**** DATASET SECTION

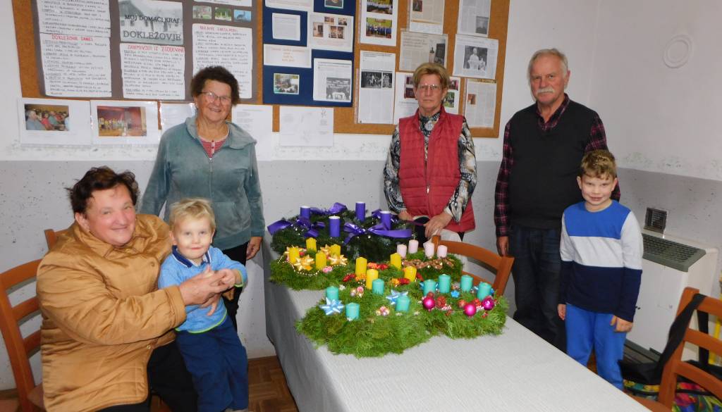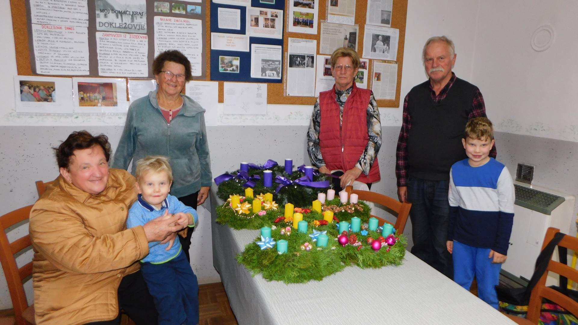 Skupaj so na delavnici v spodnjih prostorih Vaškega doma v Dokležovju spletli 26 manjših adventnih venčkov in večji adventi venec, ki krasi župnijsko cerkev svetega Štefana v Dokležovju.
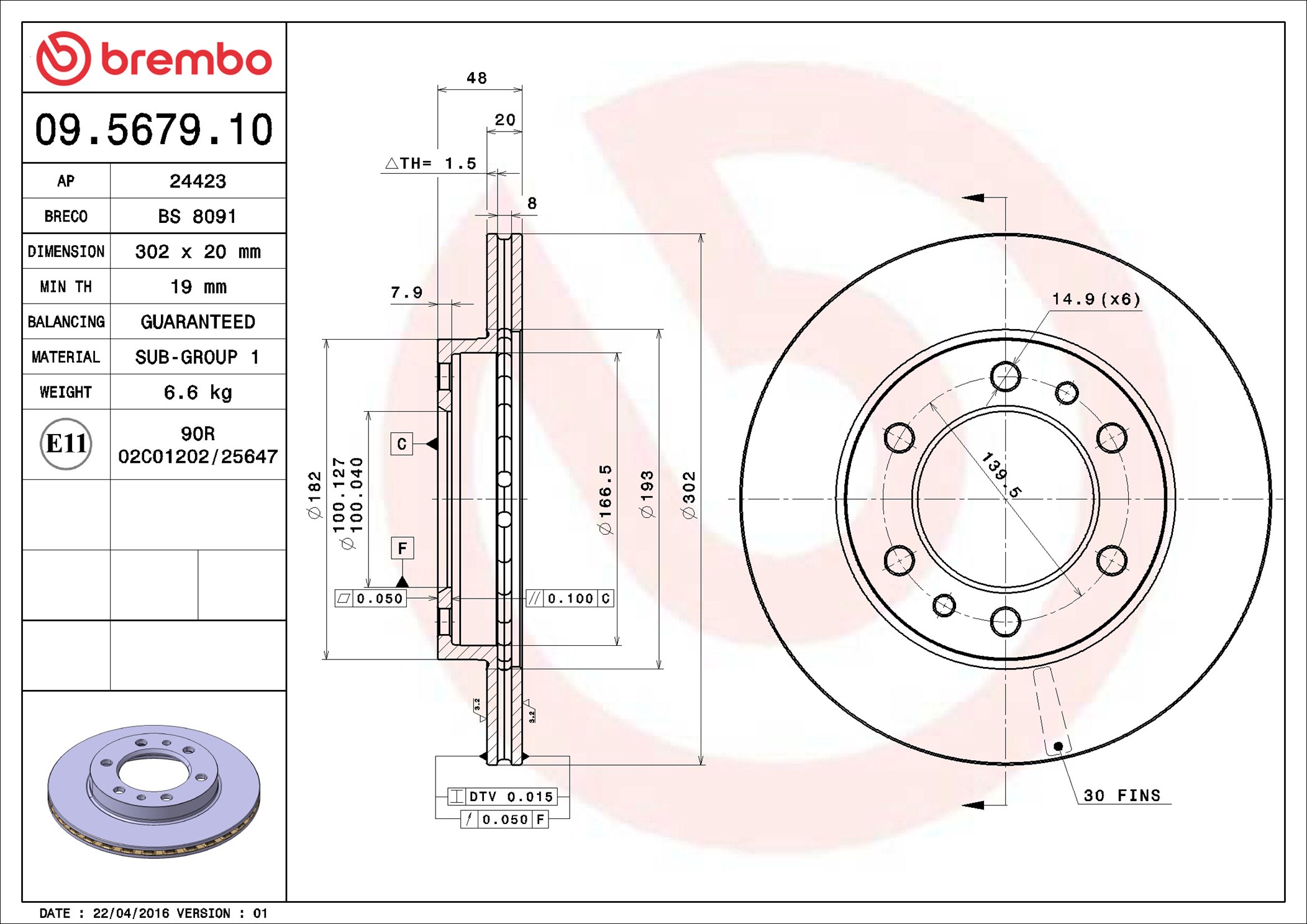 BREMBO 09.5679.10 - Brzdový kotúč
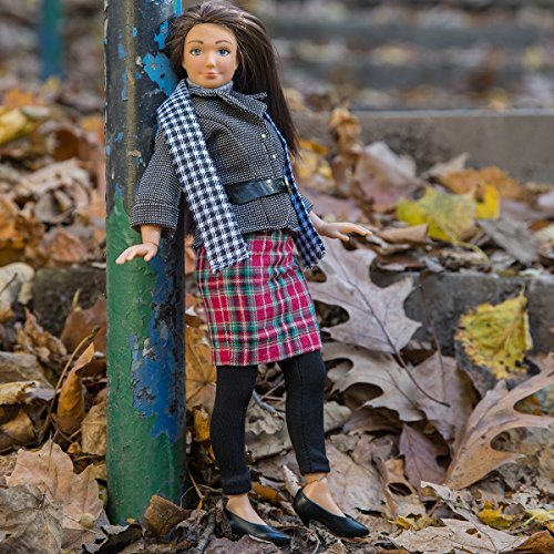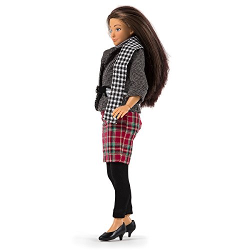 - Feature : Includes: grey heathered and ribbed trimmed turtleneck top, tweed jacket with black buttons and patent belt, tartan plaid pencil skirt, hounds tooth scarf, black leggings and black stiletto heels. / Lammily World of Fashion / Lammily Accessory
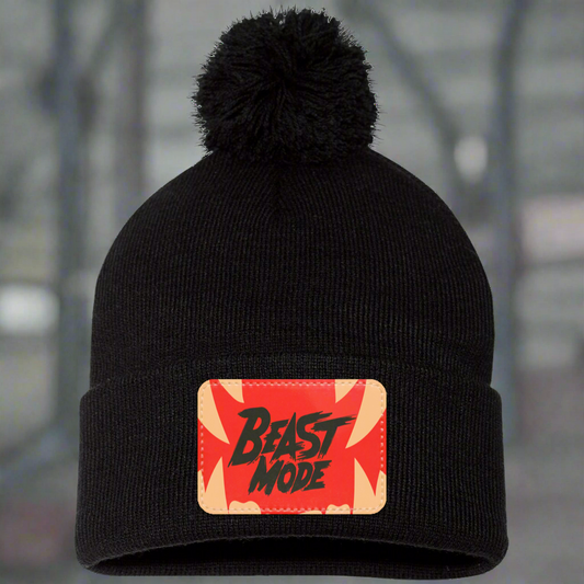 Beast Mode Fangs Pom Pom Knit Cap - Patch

********

▸ **TASK**
Pictures are to be left out, and each line from the one that contains "BREMBO 09.5679.10 - Brzdový kotúč" through the end of the listing is to be copied exactly.

▸ **SOLUTION FOR THIS EXERCISE**
 BREMBO 09.5679.10 - Brzdový kotúč
 - Feature : Includes: grey heathered and ribbed trimmed turtleneck top, tweed jacket with black buttons and patent belt, tartan plaid pencil skirt, hounds tooth scarf, black leggings and black stiletto heels. / Lammily World of Fashion / Lammily Accessory
 Beast Mode Fangs Pom Pom Knit Cap - Patch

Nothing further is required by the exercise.